As respostas constantes
do gráfico publicado falam por si. A esmagadora e decisiva maioria dos membros
do painel discorda da afirmação.
E daqui retiro a
primeira implicação, tão ou mais preocupante do que as restantes. Quer isto
dizer que a Voz de um painel de economistas, em que sobressaem pelo menos quatro
prémios Nobel e gente muito representativa da academia americana, não conta
rigorosamente para nada do ponto de vista de bloquear a agenda plutocrática que
vai circulando pelas duas grandes instituições da democracia americana. Algo
que está estudado e bastante. A agenda populista condensa de certa maneira a
desvalorização das elites, é assim na economia, nas mudanças climáticas, na
saúde e outros domínios. Não vou entrar hoje numa outra questão que anda de par
com esta e que consiste em saber se os economistas se puseram a jeito para essa
desvalorização.
Emmanuel Saez e Gabriel
Zucman são contundentes no Equitable Blog: “O
pacote fiscal apresentado pelos Republicanos no Congresso e apreciado pelo
Presidente Donald Trump é um documento notável sob muitos pontos de vista, mas
principalmente porque implica exatamente o oposto do seu putativo objetivo. É
apresentado como uma descida de impostos para os trabalhadores e para os
empreendedores criadores de emprego, mas representa pelo contrário uma descida
gigante de impostos beneficiando os ricos e a riqueza acumulada”
(link aqui).
Paul Krugman tem zurzido
na desfaçatez do plano e dos seus apoiantes, recorrendo a demonstrações
analíticas que estão para além do âmbito razoável deste blogue. Estará
sobretudo em causa a fragilidade do modelo utilizado pelos serviços da
administração de Trump que apresentam a proposta (link aqui e aqui).
Mas Martin Wolf é talvez
o mais violento (link aqui): “Os plutocratas estão a cavalgar um tigre
furioso. O pluto-populismo da elite Republicana trouxe Mr. Trump ao poder. Isso
não vai ser esquecido. Se o presente pacote fiscal avançar, as tensões no
interior dos EUA irão seguramente piorar. A desigualdade Latino-Americana
conduz à política Latino-Americana. O mundo americano que conhecíamos está a
afogar-se numa maré de uma ganância inquestionável e aparentemente ilimitada.
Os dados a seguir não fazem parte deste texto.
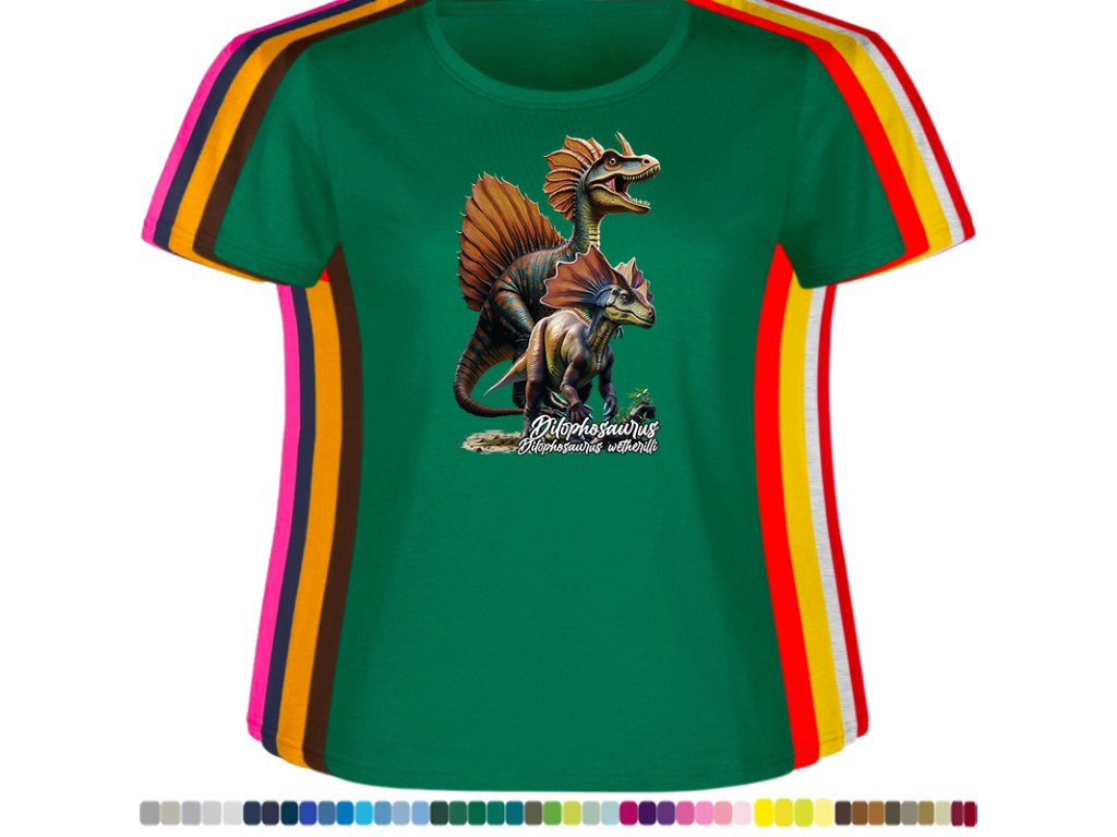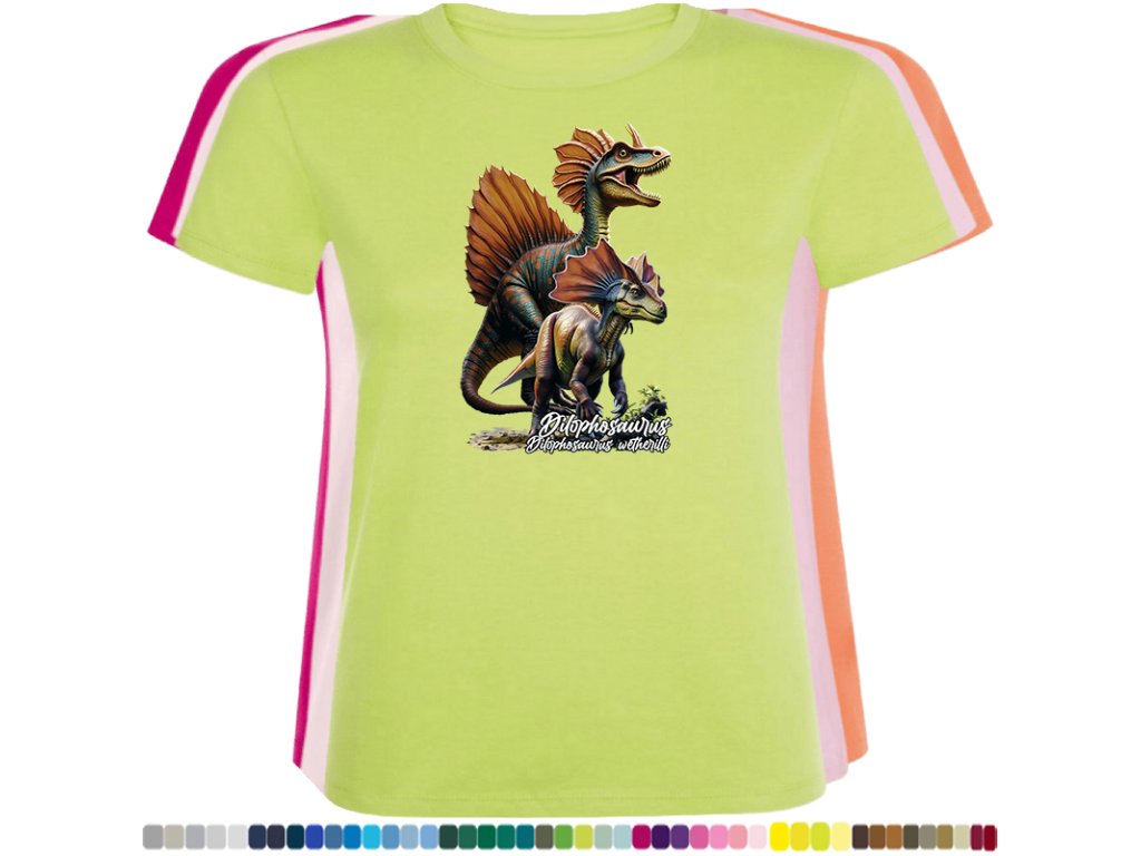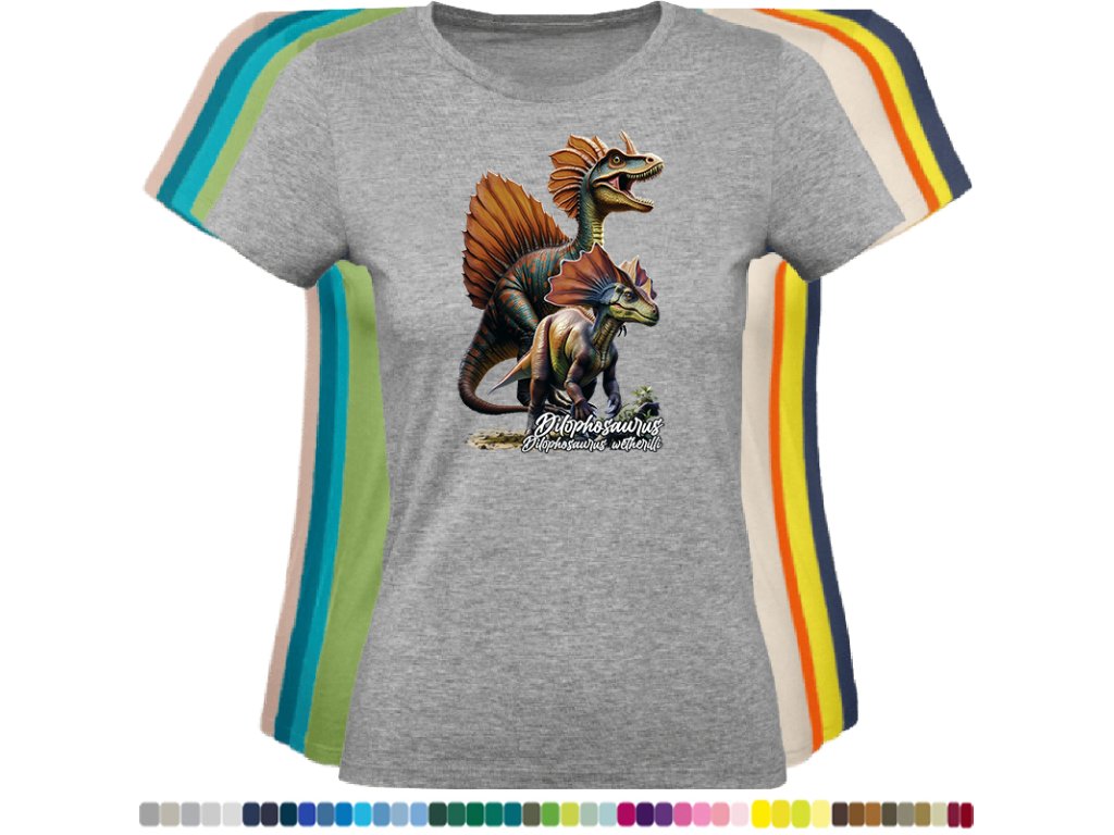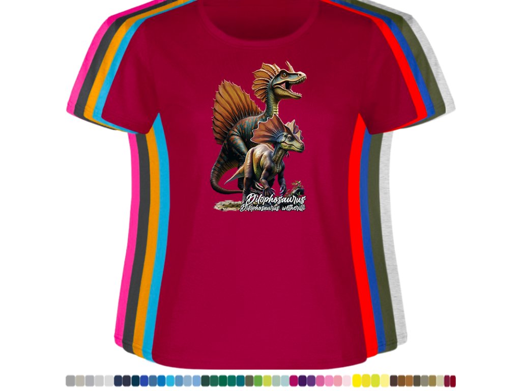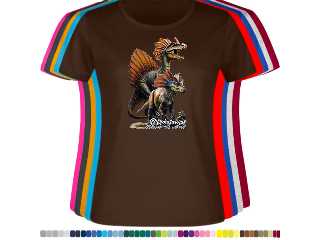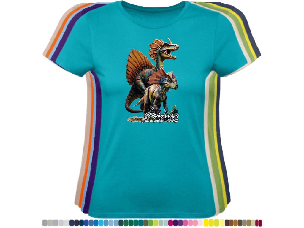 Dámské levné bavlněné tričko s digitálním potiskem Dilophosaurus - dino atlas

Estamos agora condenados a viver com as correspondentes consequências infelizes.”
Por este andar, um dos
mais fervorosos defensores da globalização, que criticávamos bem há pouco
tempo, arrisca-se a transformar-se num perigoso esquerdista. O cenário de uma
economia americana a convergir para um modelo latino-americano
e não o contrário seria talvez uma das cruéis ironias da história.
E aqui vai a reflexão
final. A evolução do capitalismo para uma deriva plutocrática, arrogante e que
toma o poder para governar em seu próprio interesse, sem pudor e subterfúgios
ou nuances, é já hoje suficientemente
explícita para não suscitar alternativas de resposta. Eu sei que, como Brad
DeLong nos lembra incessantemente, que 65,9 milhões de pessoas votaram por Hillary
Clinton e Tom Kaine contra os 63 milhões por Trump e Pence. Mas, nos nossos
registos de memória política, o capitalismo plutocrático, mais do que outras
variedades de capitalismo, tenderia a suscitar mais facilmente alternativas de
combate, que podemos classificar de esquerda, mais social-democrata, liberal ou
radical. Mas não é isso que está a suceder e aí está a minha preocupação. Eu
sei também que os EUA são particulares. Mas o capitalismo plutocrático
disfarçado com outras vestes não está propriamente escondido por essa Europa.